Aurora (2015) by Kim Stanley Robinson

aurora1It was as if she were the steward on the boat crossing the Lethe. It was as if they were dying. It was as if they were killing themselves. (loc. 4226)

How to share the essence of a breathtaking space drama without spoiling the most enjoyable discoveries? How to present the humor, the tragedy, the joy, the humanity, the realism without revealing the important parts? How to convey Aurora’s “as-ifness” without overblowing it with hype?

Narratives, Robinson’s narrator tells us, “are futile and stupid” (loc. 1643).

Lots of talk about analogies and metaphors in this generation starship novel that starts with a boat wreck and ends on a beach. It’s an emotional Hard SF journey into the stars over the course of more than three hundred years. In between the plot, the drama, and the don’t-you-dare-call-them-infodumps, Robinson plays literary games. He switches philosophical gears. He dissects his writing style. The construction of the narrative is part of the journey, and so much of that story seems to be telling us something important.

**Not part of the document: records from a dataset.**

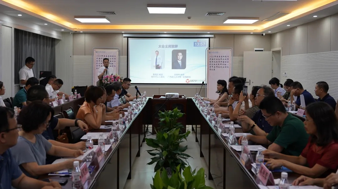7月16日下午,以“当小分子抗血管生成碰上免疫”为主题的青年医师病例演讲风采比赛在教学楼5楼举行,来自柳州市工人医院、柳州市人民医院、柳州市中医医院、柳州市柳铁中心医院、广西科技大学第一附属医院、广西科技大学第二附属医院、来宾市人民医院、我院、河池市第一人民医院、宜州区人民医院共10个参赛单位、14名参赛选手参加比赛。大会名誉主席柳州市工人医院院长黄海欣教授、广西医科大学第一附属医院肿瘤内科主任胡晓桦教授为比赛致辞,希望选手们能赛出风采,赛出水平。
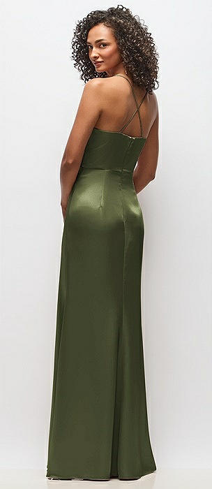 Cuff Neck Satin Bias Maxi Dress with Self-Tie Spaghetti Straps in olive green
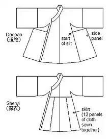 The Ming dynasty daopao is a full-length. It has a large frontal outer placket and smaller frontal inner placket. There is a pair of ties at the small placket and two pairs of ties on the large placket which is used for closing the garment.[4] The sleeves are large but are narrower around the wrists.[4] It characterized by a cross collar, which closes at the right side in the front, in a style called jiaoling youren.[4]
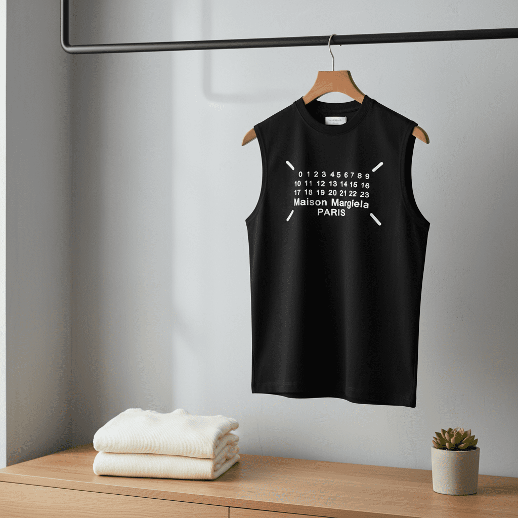 Maison Margiela black sleeveless cotton tank top with signature numeric logo print, soft breathable fabric, unisex minimalist design, perfect for casual everyday wear with iconic brand style.
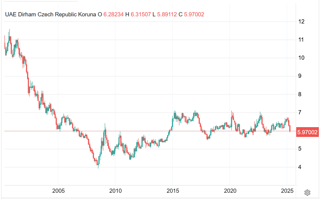 Vývoj kurzu dirhamu vůči české koruně – AED/CZK (měsíční časový rámec):
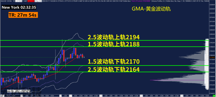 60分钟GMA-黄金波动轨指标关键点位2164、2170、2188、2194,可以关注这些位置附近的波动轨变化。黄金波动轨是依据波动率计算测算出来的,在震荡行情用法为触轨即可能反转!重点关注1.5倍波动轨和2.5倍波动轨位置。
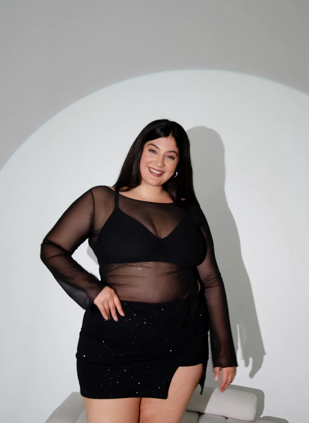 • Top con mangas largas . Terminacion dobladillo. La modelo viste talle L.
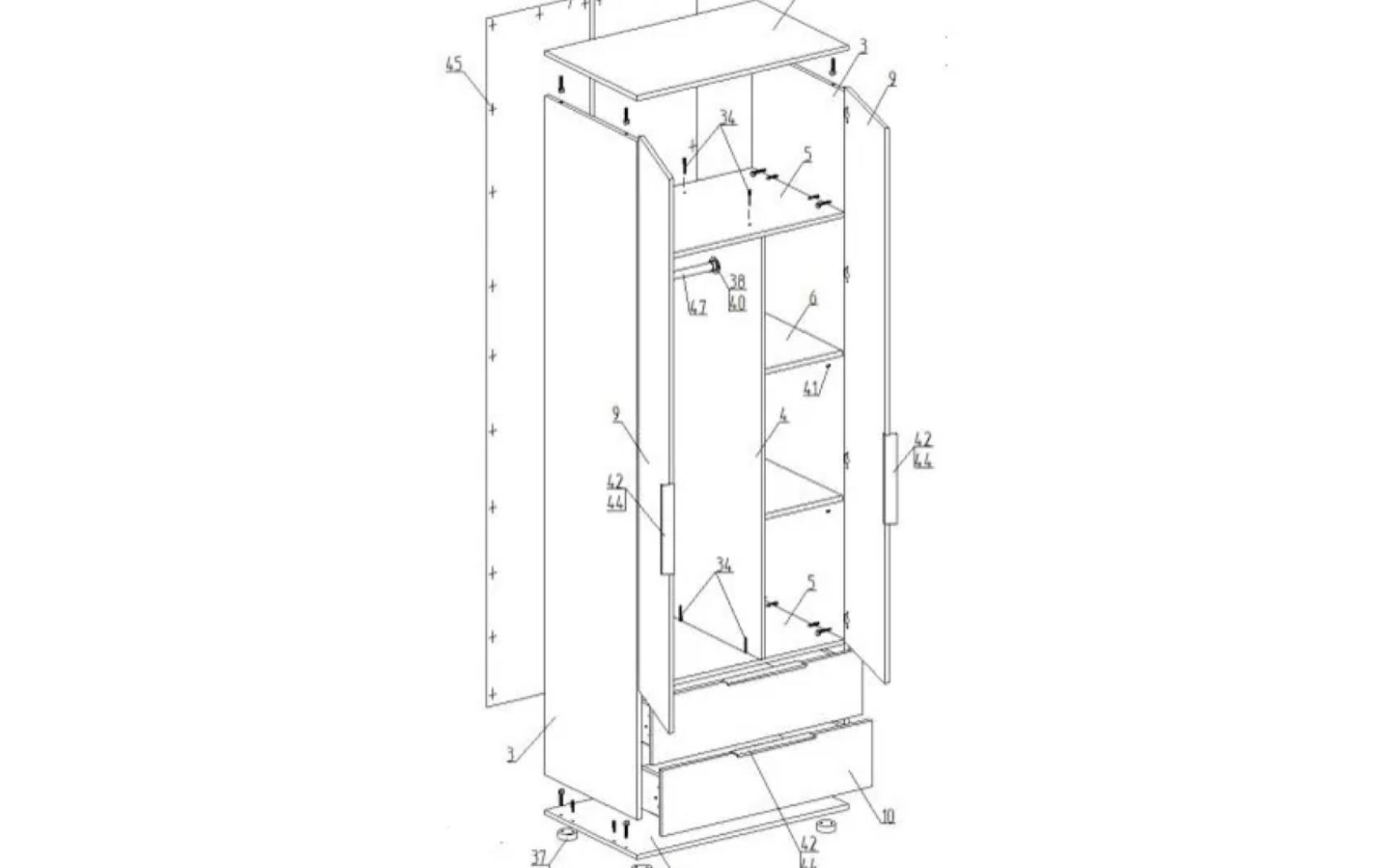 Шкаф с двумя створками, отделения поделены на отсек с полками и отсек с штангой, а так же имеет 2 выдвижных ящика.
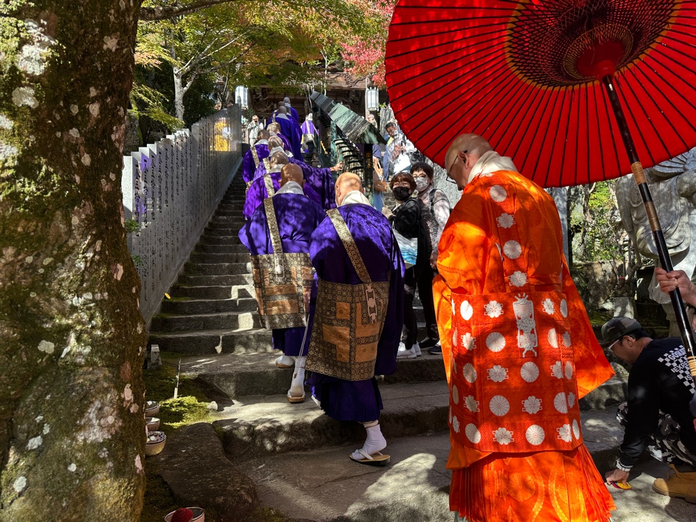 I saw a parade of priests going up to the pagoda.
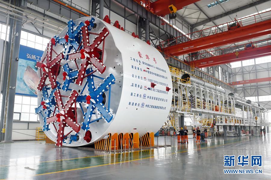 记者从中国中铁工程装备集团有限公司获悉,全球首台“马蹄形”刀盘盾构机7月17日正式组装调试完毕。设备的成功研制标志着我国已经拥有具有自主知识产权的超大断面马蹄形盾构设计和施工技术,实现了异形盾构装备的自主化和智能化,为我国高端设备进军国际市场提供了强有力的工程示范。据介绍,该盾构机专门为蒙华铁路白城隧道量身定做,将首次应用于铁路山岭软土隧道领域。刀盘呈倒“U”形,远观形似马蹄,刀盘采用九个小刀盘共同组成一个马蹄形断面的创新组合方式,可进行全断面切削。新华社记者 李博 摄
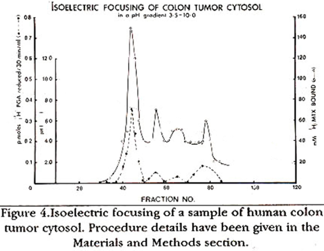A colon tumor cytosol sample was analyzed by isoelectric focusing in a standard LKB 1 10-mI column packed with 1% (W/V) ampholytes at a pH range of 3.5 10 in a zero to 50% sucrose gradient. The sample (1 ml) was dialyzed against distilled water for 4 hrs to remove electrolytes prior to application to the column. The dialyzed sample and the 75% of total ampholytes used were added to the solution which was adjusted to contain 50% sucrose (“dense solution”). The remaining ampholytes (25%) were mixed with “light solution” comprising of 5% sucrose. The electrode solution for the cathode (25 ml) was 0.262 M. ethanolantine in 60% sucrose. The electrolyte solution for the anode (20 ml) was 0.173 M H3P04 prepared in distilled water. A fraction of this solution, enough to completely cover the respective electrode was placed on top of the column. The column was run for 20 hrs at a maximum power of 5W with the maximum voltage set at 1.6 KV. Two mgs. of pure hemoglobin was added alongwith the sample as a marker for focusing. The column was eluted at a constant flow rate of 100 mI/hr and 0.9 ml fractions were collected. Every other fraction was dialyzed against 0.025 M potassium phosphate buffer, pH 7.4 containing 0.025 M potassium chloride for 20 hrs to remove Ampholines and then analyzed for [3H]MTX binding12 and for the reduction of [3H]PGA to [3H]-tetrahydro-PGAB.

But it’s a different message from what we’re used to getting from Robinson, his particular brand of utopian realism being more real than utopian compared to his celebrated Mars series.

This pessimism, or dark realism, whichever it might be, enraged Speller and Heloise, and everyone trying to make the best of things, trying to find a way forward. Why be so negative? they asked.

“It’s not me being negative,” Aram would reply. “It’s the universe obeying its laws. Science isn’t magic! We aren’t fantasy creatures! We have been dealt a hand.” (loc. 2572)

For readers who have abandoned KSR in the past, the don’t-you-dare-call-them-infodumps are more polished, entertaining, and, by a charming bit of magic in the narrative voice, almost conversational. The psychology takes on complex group and family dynamics over Robinson’s favored planetary temperaments and mood disorders. Robinson is relaxed. And no matter what kind of epic Kim Stanley Robinson is writing, he always finds creative ways to resolve character continuity over these vast stretches of time. Characters are important to him, and Aurora‘s depictions are as smooth and sophisticated as it gets.

A question, though, because I really don’t know: can an EVA be that floaty and peaceful when the starship is travelling at one-tenth the speed of light? (I’m guessing the answer is yes, because KSR researches everything.)

Also, I’m surprised by the lack of sexual diversity and queer representation. This is not typical of Robinson, but not too surprising given the structured lifestyle on board the ship, where everything is matter of survival and propagation. Robinson is depicting a very different culture from what we’re used to seeing from him, and we really only get to know a few characters. But it sure as hell ain’t Mars.

But my biggest question: Why doesn’t this starship have a name?

Because names are just silly. You can call anything anything, but that doesn’t make it so. (loc. 163)

Well, I know what I would name the ship. (Oh, our favorite AI, Pauline, has a bit of a cameo here, but it’s shot down quickly.)

Aurora is the only 2015 release I’ve read so far, but I know it will be my favorite of the year. Kim Stanley Robinson is the only author I’ve read who makes me feel like I am actually reading the future, with real people, real events, and, yes, real science. He invokes humanity, while poking at our dreams with a screwdriver.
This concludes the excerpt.